What's the state of this? Are there any problems with this PR?

No, there is no need to realign stack in 64-bit mode.

I'm not sure if I understand you correctly. Yes, there is no need to dynamically realign the stack in 64-bit mode since the CPU aligns the stack on a 16 byte boundary on interrupt entry. However, for some exceptions, the CPU pushes an 8 byte error code afterwards. In that case it is necessary to subtract another 8 bytes from RSP to restore the 16-byte alignment.

Can we verify how stack is aligned when there is an error code?

Can we verify how stack is aligned when there is an error code?

The documentation that Phil cited is pretty clear in this regard, HJ. In addition to the following text (where I removed some unrelated steps), there is figure 8-13.
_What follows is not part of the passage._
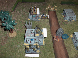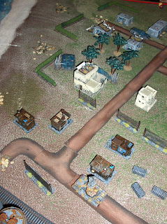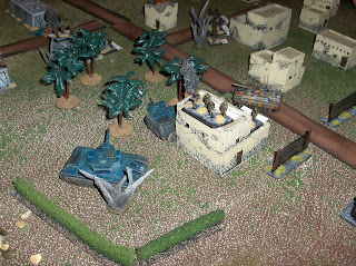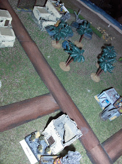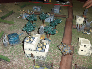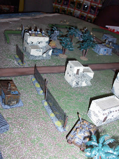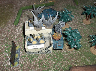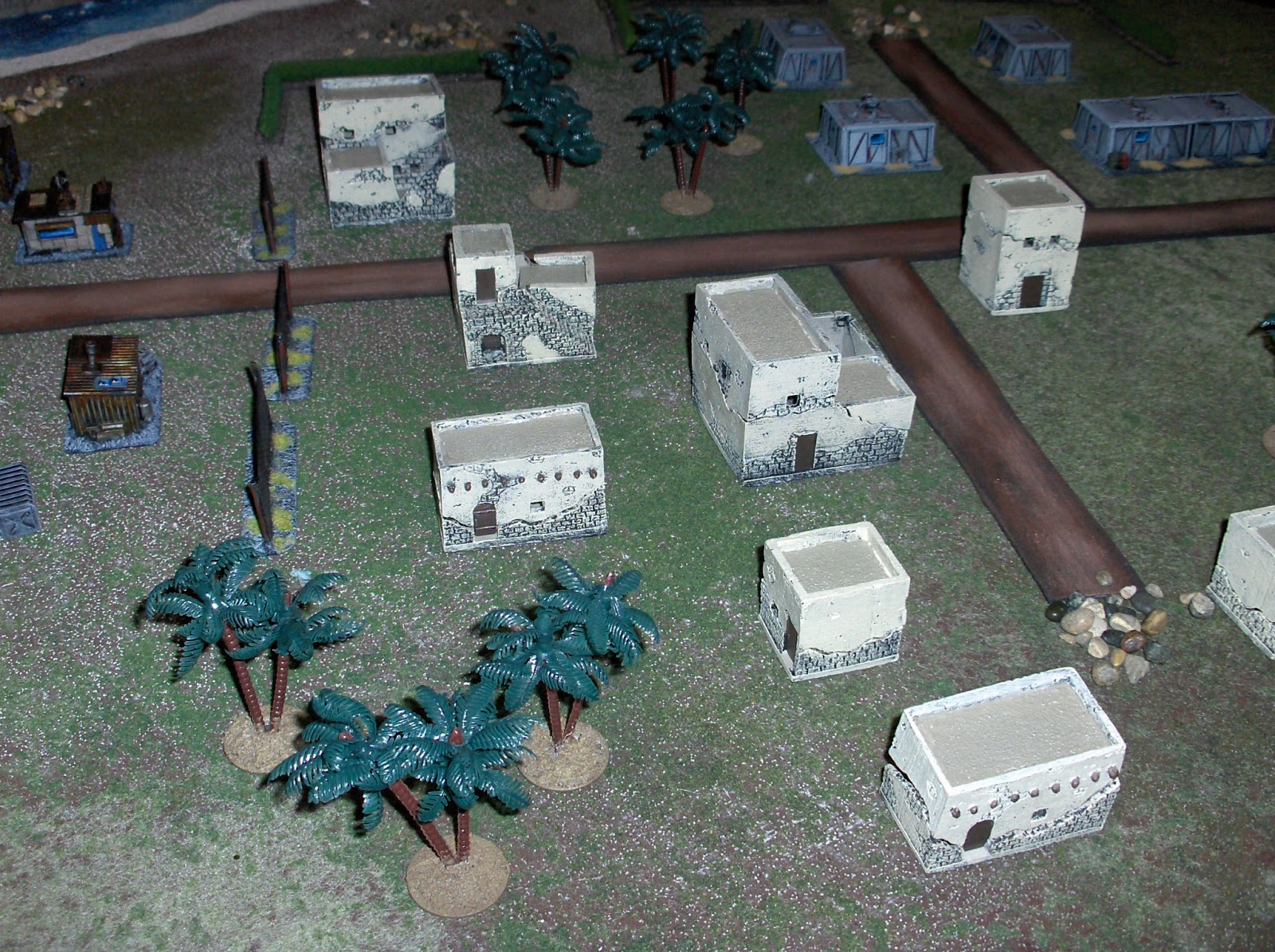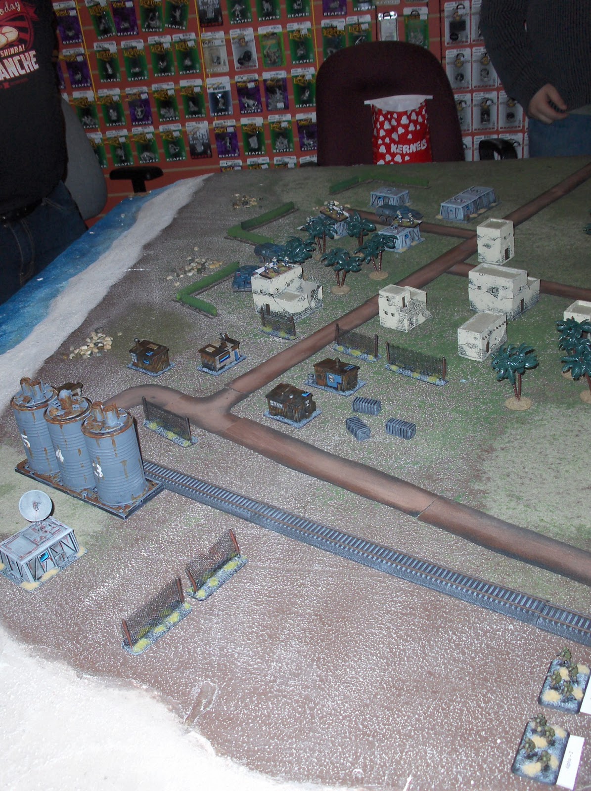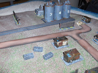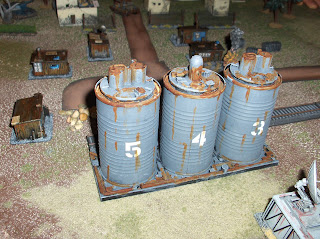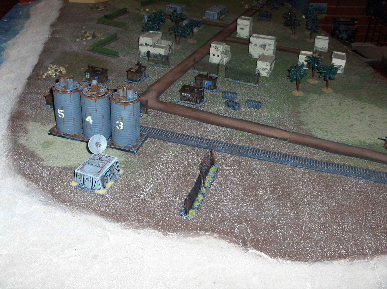 I was actually pretty impressed with the terrain board that we got to use at the store - it was a 6x4 board with beach on two sides. I'd just happened to bring out palm trees for the vegetation component so it worked out perfectly. We set up a small urban area around a chemical refinery which was conveniently placed to discharge maximum effluent into the local aqueous ecosystem... 'cause that's the way Binary Petroleum rolls ;-)

In long mode, when a control transfer to an interrupt handler occurs, the processor performs the
following:

  1. Aligns the new interrupt-stack frame by masking RSP with FFFF_FFFF_FFFF_FFF0h.

...

  1. Pushes the return stack pointer (old SS:RSP) onto the new stack. The SS value is padded with six

bytes to form a quadword.

  1. Pushes the 64-bit RFLAGS register onto the stack. The upper 32 bits of the RFLAGS image on

the stack are written as zeros.
...

  1. Pushes the return CS register and RIP register onto the stack. The CS value is padded with six

bytes to form a quadword.

  1. If the interrupt vector number has an error code associated with it, pushes the error code onto the

stack. The error code is padded with four bytes to form a quadword.

So this patch LGTM. But I think you should get someone else to confirm the correctness of lines 962-970. Amjad, can you do that?

Thanks for your patience.

aaboud accepted this revision.Mar 14 2017, 6:50 AM

Now that we agreed on why this fix is correct, the code LGTM.

This revision is now accepted and ready to land.Mar 14 2017, 6:50 AM

I just tested this version again and found a bug in the implementation: I forgot to adjust the offset of the error code and the pointer to the exception stack frame. So please do not merge this yet.

phil-opp updated this revision to Diff 91775.Mar 14 2017, 3:08 PM

The argument offsets (exception stack frame and error code) are now updated if the stack is aligned. I also updated the tests accordingly.

phil-opp updated this revision to Diff 91781.Mar 14 2017, 3:13 PM

(updated the test_isr_clobbers test too, even though the CHECK-SSE-NEXT directives are broken at the moment)

Code looks good, but I am wondering about one thing, see below.

test/CodeGen/X86/x86-64-intrcc.ll
33 ↗(On Diff #91781)

I am wondering if this push was not generated before your last fix?
Did you just forget to update the test? or we needed the last change to have this push?

35 ↗(On Diff #91781)

This is a good catch.
Indeed we should update the argument offsets after we re-align the stack with +8 bytes.

phil-opp added inline comments.Mar 15 2017, 8:24 AM
test/CodeGen/X86/x86-64-intrcc.ll
33 ↗(On Diff #91781)

I just forgot to update this test, because it still succeeded (it's only a CHECK and not a CHECK-NEXT). However, by adding the additional check we ensure that the stack alignment isn't removed accidentally in the future.

Good.
I think this patch is ready now to land.
Anybody has any final comment?

Not from me. Looks good.

It seems like this patch is ready to land. I don't have SVN access, so it would be great if someone could commit it for me.

Friendly ping :)

aaboud added a comment.Apr 3 2017, 8:58 AM

I will commit that.
Sorry for the late response.

This revision was automatically updated to reflect the committed changes.